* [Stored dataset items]
+ + + + +

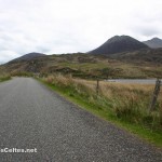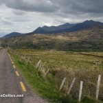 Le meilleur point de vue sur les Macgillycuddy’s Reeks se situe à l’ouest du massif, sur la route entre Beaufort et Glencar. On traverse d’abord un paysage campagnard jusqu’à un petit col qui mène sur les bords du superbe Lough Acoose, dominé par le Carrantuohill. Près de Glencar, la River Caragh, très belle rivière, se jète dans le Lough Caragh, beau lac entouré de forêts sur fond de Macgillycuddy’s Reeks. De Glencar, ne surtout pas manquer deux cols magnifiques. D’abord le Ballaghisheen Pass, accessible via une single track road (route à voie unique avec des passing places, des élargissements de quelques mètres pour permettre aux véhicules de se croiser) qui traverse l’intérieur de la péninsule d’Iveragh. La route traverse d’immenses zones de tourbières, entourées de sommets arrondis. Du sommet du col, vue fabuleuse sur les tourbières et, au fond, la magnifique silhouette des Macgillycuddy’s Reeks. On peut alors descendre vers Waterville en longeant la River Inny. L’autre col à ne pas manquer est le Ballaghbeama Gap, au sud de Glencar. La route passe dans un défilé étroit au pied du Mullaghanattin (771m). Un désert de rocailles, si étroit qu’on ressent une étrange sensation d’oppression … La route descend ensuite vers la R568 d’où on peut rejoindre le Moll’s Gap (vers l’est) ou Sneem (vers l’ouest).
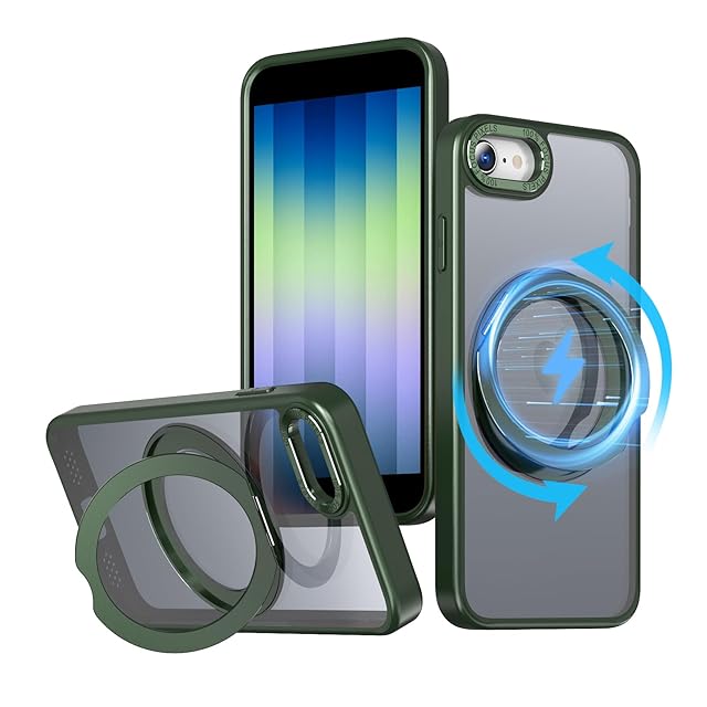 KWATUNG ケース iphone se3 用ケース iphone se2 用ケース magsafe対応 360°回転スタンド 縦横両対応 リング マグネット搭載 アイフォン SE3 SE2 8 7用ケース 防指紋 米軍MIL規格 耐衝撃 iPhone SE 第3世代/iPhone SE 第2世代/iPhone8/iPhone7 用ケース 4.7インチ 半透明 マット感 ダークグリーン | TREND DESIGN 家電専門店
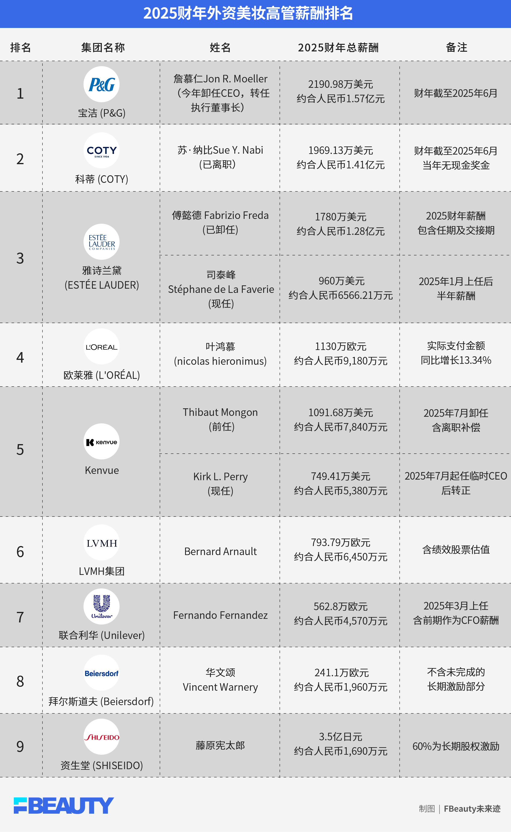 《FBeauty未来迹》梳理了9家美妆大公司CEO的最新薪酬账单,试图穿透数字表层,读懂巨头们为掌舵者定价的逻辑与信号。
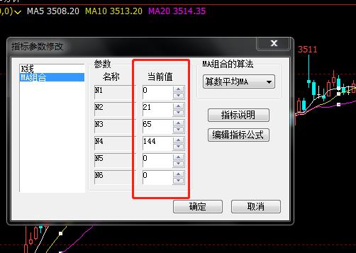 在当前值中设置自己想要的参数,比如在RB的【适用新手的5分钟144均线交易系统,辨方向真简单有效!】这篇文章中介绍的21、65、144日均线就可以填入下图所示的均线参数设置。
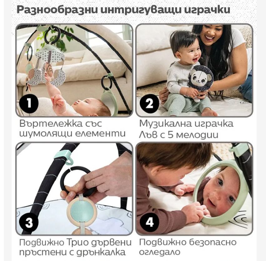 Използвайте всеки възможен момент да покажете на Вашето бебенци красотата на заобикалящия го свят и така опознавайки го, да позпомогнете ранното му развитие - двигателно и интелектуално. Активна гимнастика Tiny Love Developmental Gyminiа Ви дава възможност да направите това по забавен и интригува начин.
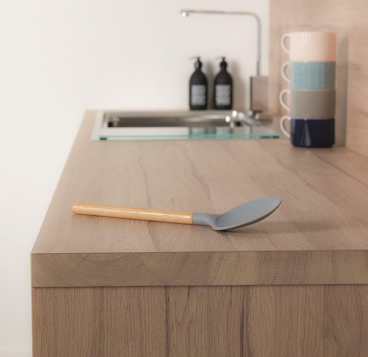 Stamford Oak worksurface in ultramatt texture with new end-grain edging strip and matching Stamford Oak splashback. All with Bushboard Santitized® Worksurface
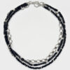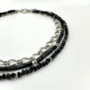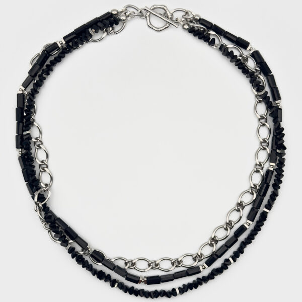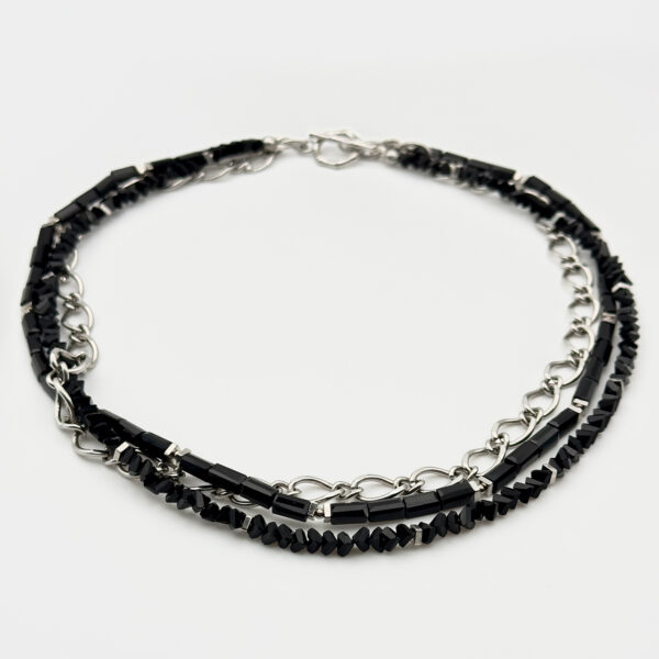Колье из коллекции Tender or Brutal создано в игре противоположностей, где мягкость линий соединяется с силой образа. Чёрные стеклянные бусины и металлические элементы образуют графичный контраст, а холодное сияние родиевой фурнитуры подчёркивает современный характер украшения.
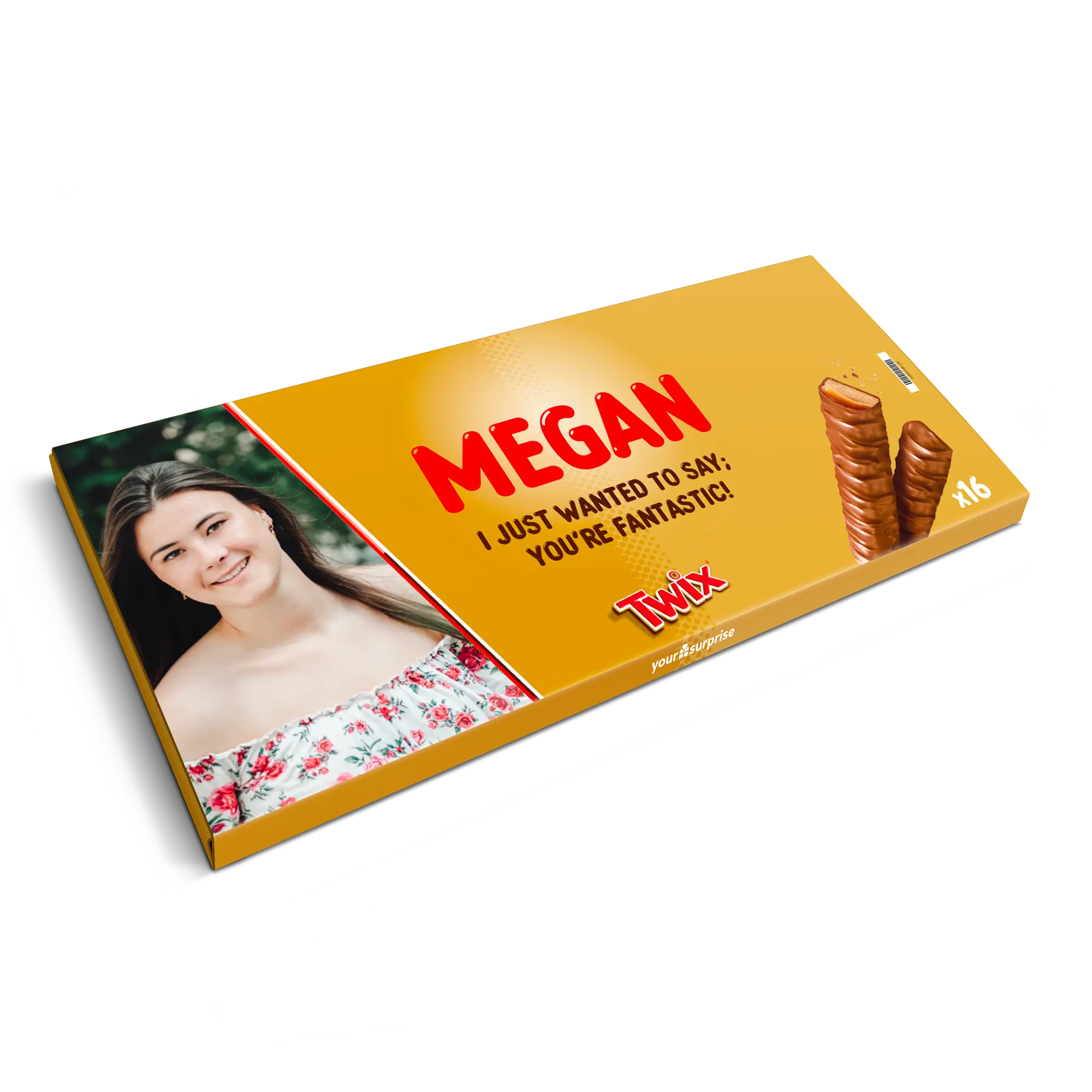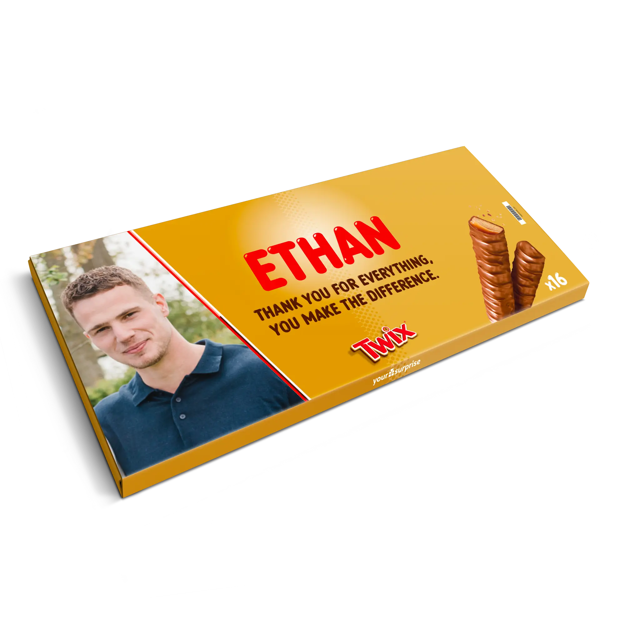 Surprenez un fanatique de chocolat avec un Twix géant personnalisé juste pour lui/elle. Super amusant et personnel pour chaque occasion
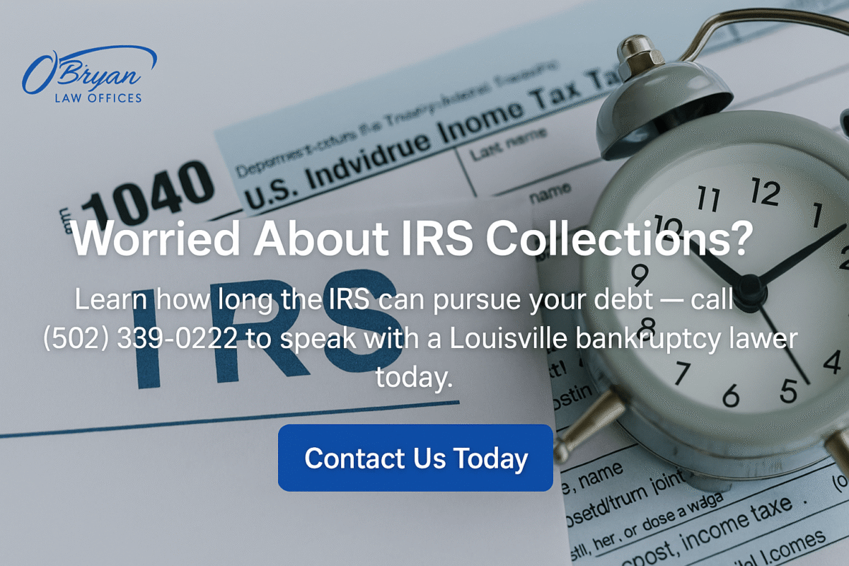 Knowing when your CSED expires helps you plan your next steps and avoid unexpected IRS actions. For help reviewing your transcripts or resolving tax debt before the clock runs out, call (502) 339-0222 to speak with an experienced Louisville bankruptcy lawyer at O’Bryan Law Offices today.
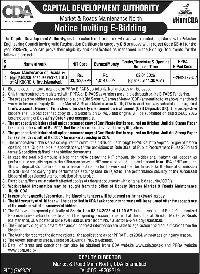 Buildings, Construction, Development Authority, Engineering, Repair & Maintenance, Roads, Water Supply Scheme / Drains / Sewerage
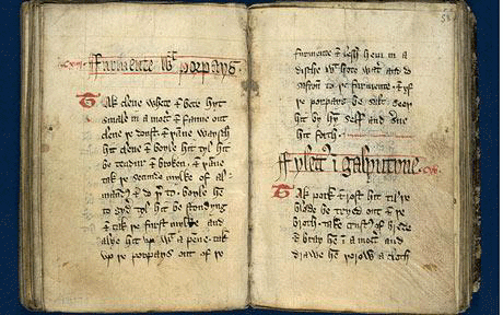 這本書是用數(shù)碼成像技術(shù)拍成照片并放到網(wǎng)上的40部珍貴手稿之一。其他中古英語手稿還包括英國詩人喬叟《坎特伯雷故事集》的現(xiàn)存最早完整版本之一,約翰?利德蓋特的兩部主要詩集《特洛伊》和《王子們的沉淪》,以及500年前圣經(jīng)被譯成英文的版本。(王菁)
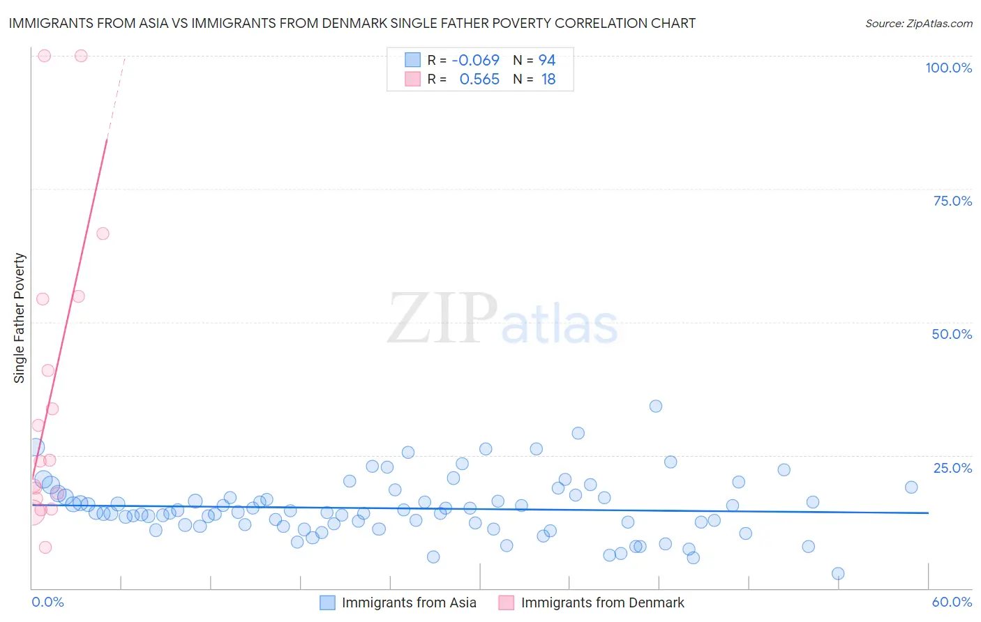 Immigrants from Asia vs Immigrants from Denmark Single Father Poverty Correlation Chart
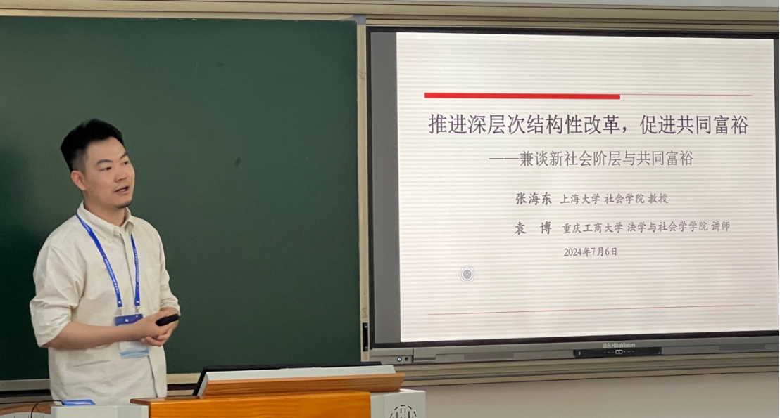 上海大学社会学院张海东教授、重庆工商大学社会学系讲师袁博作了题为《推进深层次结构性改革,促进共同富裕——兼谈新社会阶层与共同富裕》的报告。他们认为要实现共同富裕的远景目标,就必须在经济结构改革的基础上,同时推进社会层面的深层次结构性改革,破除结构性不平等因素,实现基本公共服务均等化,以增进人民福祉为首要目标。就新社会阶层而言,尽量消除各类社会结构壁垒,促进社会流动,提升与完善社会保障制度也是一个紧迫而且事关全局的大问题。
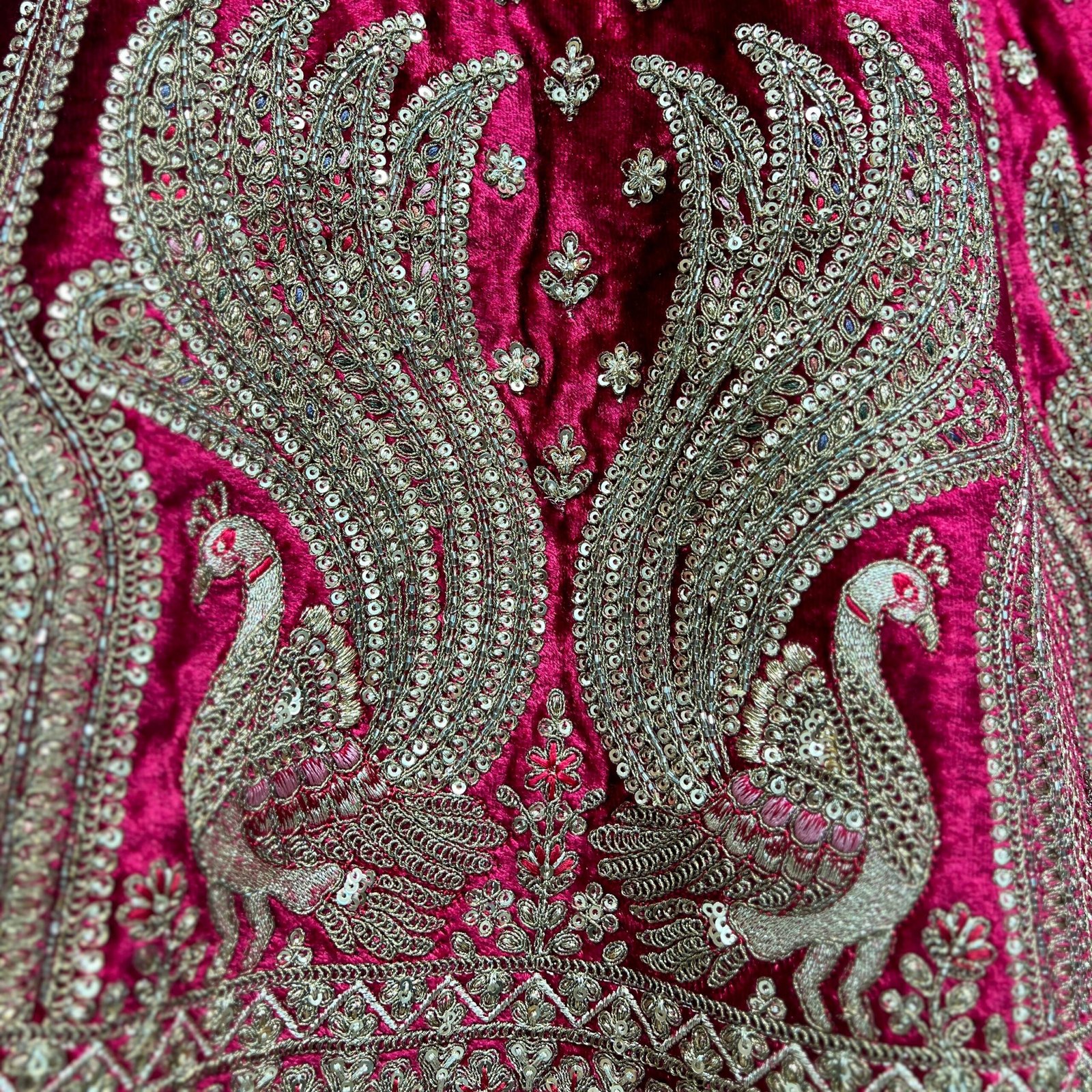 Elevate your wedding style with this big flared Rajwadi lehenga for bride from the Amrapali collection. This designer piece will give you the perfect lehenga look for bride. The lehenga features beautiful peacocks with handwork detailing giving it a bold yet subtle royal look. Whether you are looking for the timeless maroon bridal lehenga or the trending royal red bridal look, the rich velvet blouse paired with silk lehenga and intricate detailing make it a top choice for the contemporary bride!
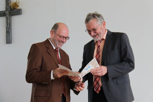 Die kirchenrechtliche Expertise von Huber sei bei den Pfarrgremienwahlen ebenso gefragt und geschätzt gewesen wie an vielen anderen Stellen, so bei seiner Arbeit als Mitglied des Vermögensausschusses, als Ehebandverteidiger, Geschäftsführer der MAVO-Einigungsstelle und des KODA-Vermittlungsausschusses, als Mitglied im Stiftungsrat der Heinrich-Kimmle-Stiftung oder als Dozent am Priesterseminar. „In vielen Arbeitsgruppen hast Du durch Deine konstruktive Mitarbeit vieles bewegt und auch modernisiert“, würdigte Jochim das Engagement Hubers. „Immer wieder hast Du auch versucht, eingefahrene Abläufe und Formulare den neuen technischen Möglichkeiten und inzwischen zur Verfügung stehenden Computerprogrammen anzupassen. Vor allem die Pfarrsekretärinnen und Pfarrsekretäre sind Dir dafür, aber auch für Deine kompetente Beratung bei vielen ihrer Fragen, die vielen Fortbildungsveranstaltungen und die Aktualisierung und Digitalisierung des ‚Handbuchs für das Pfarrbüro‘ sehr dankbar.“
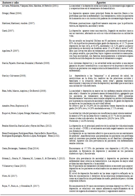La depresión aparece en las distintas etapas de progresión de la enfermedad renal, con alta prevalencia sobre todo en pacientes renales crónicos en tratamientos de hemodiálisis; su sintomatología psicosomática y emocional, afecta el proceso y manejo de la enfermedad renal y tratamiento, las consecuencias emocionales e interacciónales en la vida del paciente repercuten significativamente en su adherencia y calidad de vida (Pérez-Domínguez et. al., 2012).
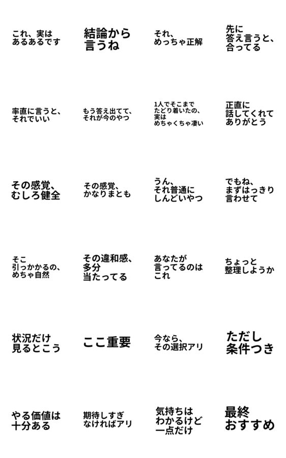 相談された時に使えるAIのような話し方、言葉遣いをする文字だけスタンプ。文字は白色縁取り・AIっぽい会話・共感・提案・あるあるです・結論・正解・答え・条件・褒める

+ + + + +

* [Task details] Give the lines above again exactly, from the one containing "上海大学社会学院张海东教授、" to the one containing "Elevate your wedding", both included, but leave out the pictures.

* [Exercise response]
 上海大学社会学院张海东教授、重庆工商大学社会学系讲师袁博作了题为《推进深层次结构性改革,促进共同富裕——兼谈新社会阶层与共同富裕》的报告。他们认为要实现共同富裕的远景目标,就必须在经济结构改革的基础上,同时推进社会层面的深层次结构性改革,破除结构性不平等因素,实现基本公共服务均等化,以增进人民福祉为首要目标。就新社会阶层而言,尽量消除各类社会结构壁垒,促进社会流动,提升与完善社会保障制度也是一个紧迫而且事关全局的大问题。
 Elevate your wedding style with this big flared Rajwadi lehenga for bride from the Amrapali collection. This designer piece will give you the perfect lehenga look for bride. The lehenga features beautiful peacocks with handwork detailing giving it a bold yet subtle royal look. Whether you are looking for the timeless maroon bridal lehenga or the trending royal red bridal look, the rich velvet blouse paired with silk lehenga and intricate detailing make it a top choice for the contemporary bride!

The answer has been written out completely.